Stored data
____________

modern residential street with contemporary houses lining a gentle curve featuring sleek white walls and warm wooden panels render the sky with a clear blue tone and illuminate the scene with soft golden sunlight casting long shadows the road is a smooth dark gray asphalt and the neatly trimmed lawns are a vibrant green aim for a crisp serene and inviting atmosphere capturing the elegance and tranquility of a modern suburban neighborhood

____________

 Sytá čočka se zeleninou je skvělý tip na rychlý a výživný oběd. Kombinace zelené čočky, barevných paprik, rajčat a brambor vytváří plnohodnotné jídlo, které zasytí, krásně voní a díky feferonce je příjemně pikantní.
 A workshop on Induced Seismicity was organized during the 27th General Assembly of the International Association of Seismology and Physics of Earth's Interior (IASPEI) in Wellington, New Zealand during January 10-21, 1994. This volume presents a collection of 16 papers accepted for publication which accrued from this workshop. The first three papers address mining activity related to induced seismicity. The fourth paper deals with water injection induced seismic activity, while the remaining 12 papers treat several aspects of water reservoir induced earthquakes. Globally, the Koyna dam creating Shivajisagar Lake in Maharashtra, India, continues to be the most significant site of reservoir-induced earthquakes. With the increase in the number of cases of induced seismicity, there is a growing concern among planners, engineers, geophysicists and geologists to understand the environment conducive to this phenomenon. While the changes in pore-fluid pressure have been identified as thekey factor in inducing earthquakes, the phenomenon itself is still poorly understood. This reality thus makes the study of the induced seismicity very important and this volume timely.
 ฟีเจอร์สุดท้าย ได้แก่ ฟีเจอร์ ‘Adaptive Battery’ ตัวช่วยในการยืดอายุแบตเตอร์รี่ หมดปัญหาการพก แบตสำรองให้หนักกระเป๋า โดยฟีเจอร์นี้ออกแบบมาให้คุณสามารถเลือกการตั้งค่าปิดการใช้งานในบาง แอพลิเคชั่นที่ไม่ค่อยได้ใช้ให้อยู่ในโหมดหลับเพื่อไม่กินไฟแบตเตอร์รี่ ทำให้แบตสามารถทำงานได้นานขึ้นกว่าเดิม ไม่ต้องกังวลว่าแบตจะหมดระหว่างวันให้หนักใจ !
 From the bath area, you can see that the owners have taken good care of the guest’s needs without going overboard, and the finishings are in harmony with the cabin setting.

____________

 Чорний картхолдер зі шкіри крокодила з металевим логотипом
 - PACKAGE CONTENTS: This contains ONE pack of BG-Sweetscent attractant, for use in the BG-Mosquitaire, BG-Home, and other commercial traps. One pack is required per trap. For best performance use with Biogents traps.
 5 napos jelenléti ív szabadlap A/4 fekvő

____________

About this task
Your answer should consist only of the lines above between the line holding "- PACKAGE CONTENTS: This" and the line holding "5 napos jelenléti ív szabadlap A/4 fekvő", inclusive, each transcribed exactly.

Response to the task
 - PACKAGE CONTENTS: This contains ONE pack of BG-Sweetscent attractant, for use in the BG-Mosquitaire, BG-Home, and other commercial traps. One pack is required per trap. For best performance use with Biogents traps.
 5 napos jelenléti ív szabadlap A/4 fekvő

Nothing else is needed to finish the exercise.